Truly, the killing of animals and the eating of their meat is somewhat contrary to pity and compassion, and if one can content oneself with cereals, fruit, oil and nuts, such as pistachios, almonds and so on, it would undoubtedly be better and more pleasing.– Abdul-Baha, Lights of Guidance, page 296
[I]f man can live on a purely vegetarian diet and thus avoid killing animals, it would be much preferable.– Shoghi Effendi, Lights of Guidance, page 297
As a vegan, I try to avoid the unnecessary killing of animals and the exploitation of animals to the greatest extent possible and practicable. I teach my children that animals are sentient beings, capable of pain and suffering. In fact, the Baha’i teachings discuss the capacity of animals to suffer and encourage us to be kind to animals:
It is not only their fellow human beings that the beloved of God must treat with mercy and compassion, rather must they show forth the utmost loving-kindness to every living creature. For in all physical respects, and where the animal spirit is concerned, the selfsame feelings are shared by animal and man. Man hath not grasped this truth, however, and he believeth that physical sensations are confined to human beings, wherefore is he unjust to the animals, and cruel. And yet in truth, what difference is there when it cometh to physical sensations? The feelings are one and the same, whether ye inflict pain on man or on beast. There is no difference here whatever . . . It is essential that ye show forth the utmost consideration to the animal, and that ye be even kinder to him than to your fellow man.– Abdul-Baha, Selections from the Writings of Abdul-Baha, page 158
The Baha’i teachings encourage us to train “children from their earliest days to be infinitely tender and loving to animals.”
As I strive to teach my children kindness and compassion to animals, I also seek to live a lifestyle that aligns with those ideals from the food we eat to the products we use and the entertainment we enjoy.
The Food of the Future
Lastly, the Baha’i Writings explain that the food of the future will be plants.
When mankind is more fully developed, the eating of meat will gradually cease.– Abdul-Baha, The Promulgation of Universal Peace, page 171
The time will come when meat will no longer be eaten. Medical science is only in its infancy, yet it has shown that our natural diet is that which grows out of the ground. The people will gradually develop up to the condition of this natural food.– Abdul-Baha, Lights of Guidance, page 296
Could it be that we are reaching that “time” discussed by Abdul-Baha over 100 years ago? Medical science is beginning to understand the correlation between meat and dairy and chronic diseases. We are facing a climate emergency. The United Nations Intergovernmental Panel on Climate Change cautions that eating animals is a factor in the climate crisis and encourages a transition to eating more of a plant-based diet.
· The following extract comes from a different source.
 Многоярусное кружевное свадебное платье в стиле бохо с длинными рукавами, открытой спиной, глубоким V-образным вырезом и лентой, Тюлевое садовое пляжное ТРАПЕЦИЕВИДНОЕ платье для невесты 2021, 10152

I recognize that access to fresh fruit, vegetables, legumes and grains can be limited in certain parts of the world or for certain impoverished communities. However, for most people, a plant-based diet is accessible. Plant-based alternatives such as tofu, tempeh, and plant-based milks are becoming more widely available.
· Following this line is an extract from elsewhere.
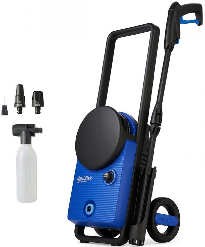Výkonný a jednoduše ovladatelný vysokotlaký čistič pro základní použití. Nilfisk Core 130-6 PowerControl je vysokotlaký čistič s tlakem 130 bar, kapsou na uložení hadice, podvozkem a regulací výkonu na stroji. Kovové čerpadlo s dlouhou životností zajišťují dostatečnou sílu k čištění všeho od jemných povrchů po opravdu ulpělé nečistoty. S extra flexibilní hadicí o délce 6m je používání snadné a unikátní kapsa na hadici zajišťuje jednoduché uložení. Nilfisk nabízí systém Click & Clean pro připojení řady volitelného příslušenství pro rozšíření možností využití Vašeho vysokotlakého čističe. Technické parametry: Typ trysky: nastavitelná proudová tryska, fréza na nečistoty, pěnová tryska Tlak čerpadla (bar/MPa): 130/13 Příkon motoru: 1,5 kW Max. průtok: 462 l/h Délka hadice: 6 m Max. vstupní teplota: 40 °C Napětí: 220-240 V Délka kabelu: 5 m Rozměr (d x š x v) 300 x 290 x 717 mm Hmotnost: 6,6 kg
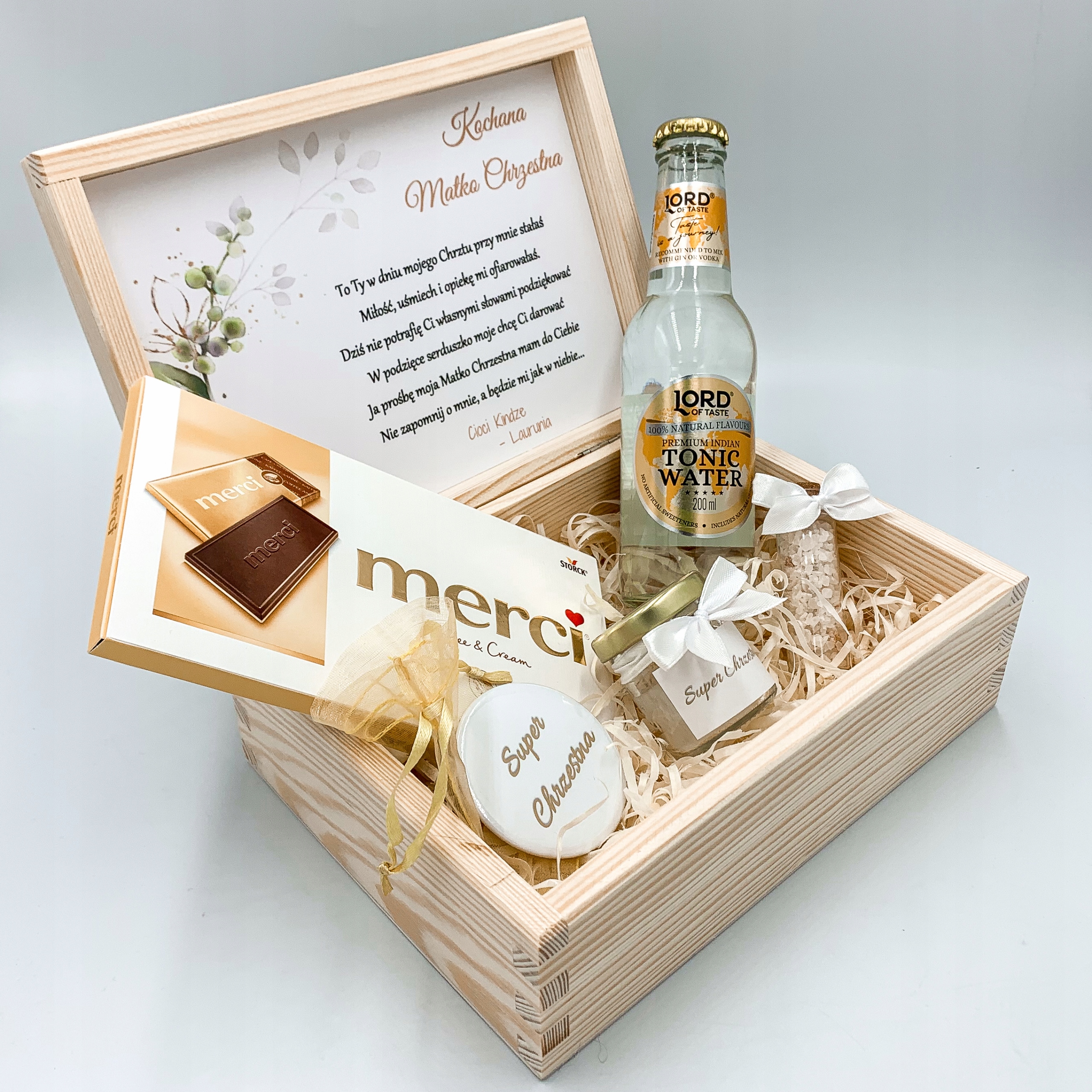 Дерев'яна скринька у вигляді подячного подарунка за те, що ви стали хрещеною мамою. Всередині є етикетка з текстом, який видно на фото. Представлений GiftBox - унікальний та оригінальний подарунок, який неодмінно порадує кожну Хрещену.

Food is also political, and we need more effort by country leaders and governments to make plant-based foods more accessible and affordable; rather than using tax dollars to subsidize the meat and dairy industries.
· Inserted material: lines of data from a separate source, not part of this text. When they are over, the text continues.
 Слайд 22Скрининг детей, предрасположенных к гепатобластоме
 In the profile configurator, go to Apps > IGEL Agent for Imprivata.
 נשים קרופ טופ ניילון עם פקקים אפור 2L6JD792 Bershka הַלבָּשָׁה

Ultimately, my decision to be a vegan was a personal decision. Baha’is are not prohibited from consuming animal products. The Baha’i Writings, however, do give me strength and courage in my decision to be vegan.
This blog post is in memory of my sweet dog Kula. She passed away one week ago, just one month before her 10th birthday. She brought so much love and joy to my life. She was my fur baby. She changed my perspective of animals. She inspired my vegan beliefs. Her life changed my life and saved some animal lives. She will always stay in my heart.